Washington Editor

Trimeris Inc. and Hoffmann-La Roche Inc. on Tuesday filed a new drug application for Fuzeon, a fusion inhibitor designed to treat HIV patients.

Fuzeon (enfuvirtide) is a twice-daily subcutaneous injection formerly known as T-20.

Trimeris, of Durham, N.C., and Roche, of Nutley, N.J., referred to the drug as "the front-runner in a new class of anti-HIV drugs."

Indeed, Dennis Harp, a biotechnology analyst with Deutsche Bank-North America in New York, told BioWorld Today that Fuzeon is the only such drug that prevents HIV from entering the T cells. "All the other drugs work after viral entry has occurred and they work by preventing the virus from replicating. This actually prevents viral entry."

As a result, Harp expects Fuzeon is bound for FDA approval early next year. He anticipates peak annual sales to reach $600 million worldwide.

The companies have sought six-month priority review status and should be notified within two months as to whether they receive it.

Officials at Trimeris remain in a quiet period following a proposed public offering in late August. Trimeris registered to sell 2.3 million shares at $48.29 per share for up to $111 million in proceeds. (See BioWorld Today, Aug. 26, 2002.)

On Tuesday, Trimeris' stock (NASDAQ:TRMS) closed at $46.18, up 35 cents.

Dani Bolognesi, Trimeris' CEO, released a prepared statement saying, "Fuzeon was designed from the outset to block HIV replication in a completely different manner than current antiretroviral drugs, while not substantially adding to the toxicity of other agents. Fuzeon's unique mode of action is designed to block HIV before entering the human cell and if approved, it will represent the first of a new class of anti-HIV drugs in seven years."

Bolognesi and his colleague, Tom Matthews, discovered T-20 as researchers at Duke University. Later, the two founded Trimeris, and in 1999, signed a deal with Roche to develop the drug.

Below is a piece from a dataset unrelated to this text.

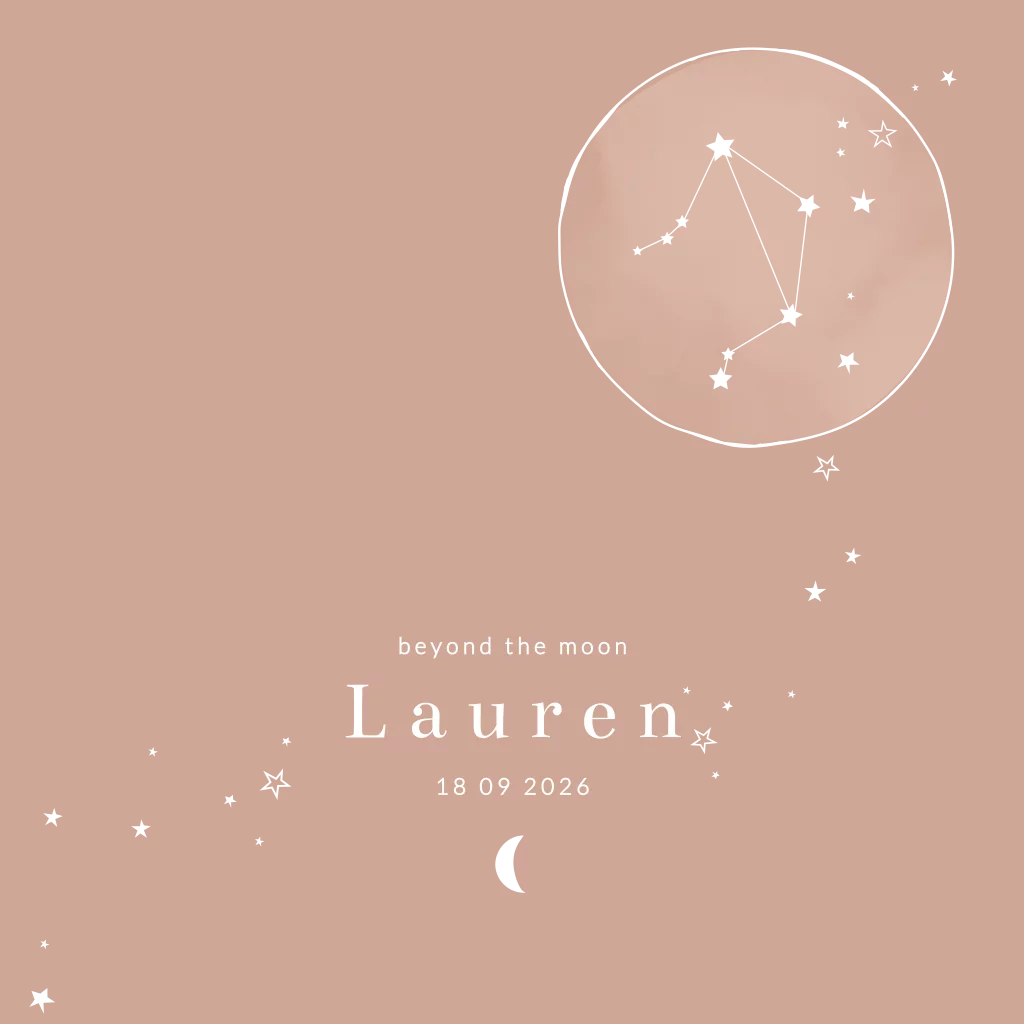 Bijzonder origineel babykaartje met diverse elementen. Zo Mooi combineert de maanfase waarin jullie kindje is geboren met het sterrenbeeld voor een uniek ontwerp.

Georges Gemayel, vice president at Roche, released a prepared statement saying filing the NDA is an important step, and Heather Van Ness, a spokeswoman for the company, discussed the clinical trials with BioWorld Today.

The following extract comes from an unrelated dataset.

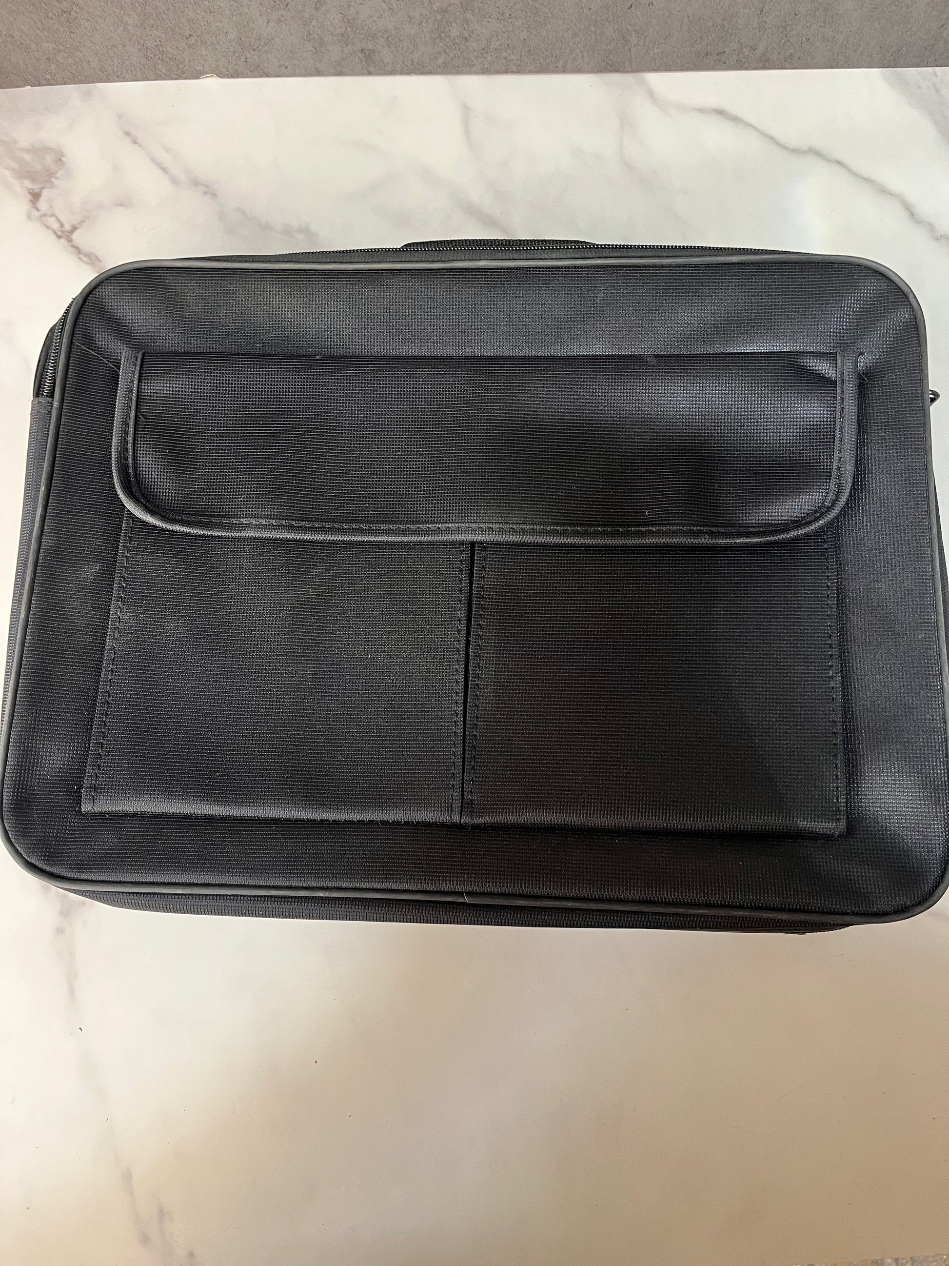 Maletin de poliester con variedad de compartimientos de cerre, asa superior y correa de hombro ajustable, ideal para portar laptop.
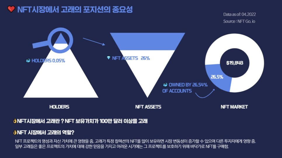 고래는 NFT 프로젝트의 명성과 자산 가치에 큰 영향을 미친다. 고래가 특정 컬렉션의 NFT를 많이 보유하면 시장 변동성이 증가할 수 있으며 다른 투자자에게 영향을미친다. 일부 고래들은 좋은 프로젝트의 가치에 대해 강한 믿음을 가지고 어려운 시기에는 그 프로젝트를 보호하기 위해 바닥가로 NFT를 구매한다.

"These studies have been conducted in patients who are treatment-experienced who have taken multiple drugs and developed resistance to several different combinations," she said. "We conducted the trials in this way because the greatest need for new treatments at this time in the developed world is in the area where patients have developed resistance and are running out of options."

According to a Trimeris-Roche press release, 78 percent of patients receiving treatment in North America and Europe are infected with a strain of HIV that has developed resistance to one or more anti-HIV drugs.

The NDA is based on two 24-week international Phase III trials referred to as TORO 1 and TORO 2 (T-20 vs. Optimized Regimen Only). Trimeris said data indicated that combination therapy with Fuzeon reduced HIV to undetectable levels in the blood in at least twice the percentage of patients as those who did not take the drug. (See BioWorld Today, July 9, 2002.)

TORO 1 included 491 patients who had been treated with 12 antiretroviral agents. Fifty-two percent of patients receiving Fuzeon experienced a 1.0 log¹⁰ or greater reduction in HIV levels. TORO 2 enrolled 504 patients who had previously been treated with 11 antiretroviral drugs. Twenty-eight percent of patients who received Fuzeon in combination with an optimized background regimen had undetectable blood levels (less than 400 copies/mL) of HIV at 24 weeks, compared to 14 percent receiving an optimized background regimen alone (p<0.0001).

Harp said it's not likely that Fuzeon will be used only in patients who have developed resistance. "Because the drug is administered as an injection twice a day, it is less convenient than the other medications that are available. While it is not a requirement that it is given to patients who have developed resistance, in practice, most patients will be put on the oral agent first and once resistance develops, they would move on to Fuzeon. I would say it can be administered at home; it's the type of injection that would be similar to what an insulin-dependent diabetic might self-administer."

Also on Tuesday, the companies said they validated the first of three commercial batches of active ingredient for Fuzeon at the Roche Colorado manufacturing facility.

The companies initially entered a partnership to develop Fuzeon and T-1249 in 1999. (T-1249, also a fusion inhibitor, is in Phase I/II studies.) But in June 2001, the two extended the partnership to equally fund research for additional candidates.

As part of the deal, the companies share development expenses 50-50 in the U.S. and Canada. Outside those areas, Roche will fund all development costs and will pay Trimeris royalties on the net sales of these products.

Roche would not discuss the amount it has paid Trimeris, but in April, Bolognesi told BioWorld Today the figure was about $12 million. (See BioWorld Today, April 19, 2002.)

The companies plan to file for approval in Europe before the end of September.